Когда он вернулся, перед очагом на стуле, наклонившись и свесив длинные
узкие ладони между колен, с распухшим от слез лицом сидела Нат.
- Все вы со своим Джорджем Уилкинсом! – сразу начала Молли. - Давай,
расскажи ему.
- Ни колодца не начал, ничего, - сказала Нат. - Крыльцо и то не подпер.

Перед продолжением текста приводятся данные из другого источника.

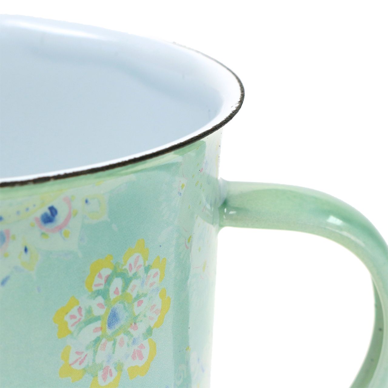 Meditatiivinen vaikutus sielun tasolla: Tämä korkealaatuinen emaloitu koristeellinen kuppi on suunniteltu jalolla painatuksella, jossa on suuria kukkia ja mandalan tyyliin. Herkät pastellivärit tukevat harmonista vaikutusta. Mandaloilla on erityinen merkitys joissakin uskonnoissa, ja niitä käytetään myös meditaatiotarkoituksiin. Se luo meditatiivisen kokemuksen parantavine impulsseineen, jotka tuovat sinut takaisin keskipisteeseesi.

Ты ему сколько денег дал, а он не начал даже. Я его спрашиваю, а он говорит:
подожди, еще не собрался, - подождала, опять спрашиваю, а он опять свое: не
собрался. Тогда я ему сказала: не начнешь, как обещался, я, может, другое
вспомню про ту ночь, когда шерифы к нам нагрянули, - а вчера вечером
говорит: мне тут надо кое-куда, могу поздно вернуться, ты бы у своих
переночевала, - а я говорю: на засов запрусь - подумала, он для колодца
что-то хочет заготовить. А как увидела, что папину лошадь и телегу вывел, -
думаю: так и есть. Является чуть ли не утром - и с пустыми руками. Ни чем
копать, ни досок для крыльца - а деньги папины истратил. Ну и сказала ему,
что я сделаю, - подождала у дома, пока мистер Рос не проснулся, и говорю
мистеру Росу, что совсем другое вспомнила про ту ночь, а мистер Рос
заругался и говорит - поздно вспомнила, потому что теперь я Джорджу жена,
суд меня не будет слушать, и поди, мол, скажи отцу и Джорджу, чтобы к вечеру
духа их тут не было.
- Дождались! - закричала Молли. - Вот он, ваш Джордж Уилкинс! - Лукас
уже шел к двери. - Куда пошел-то? - сказала она. - Куда теперь денемся?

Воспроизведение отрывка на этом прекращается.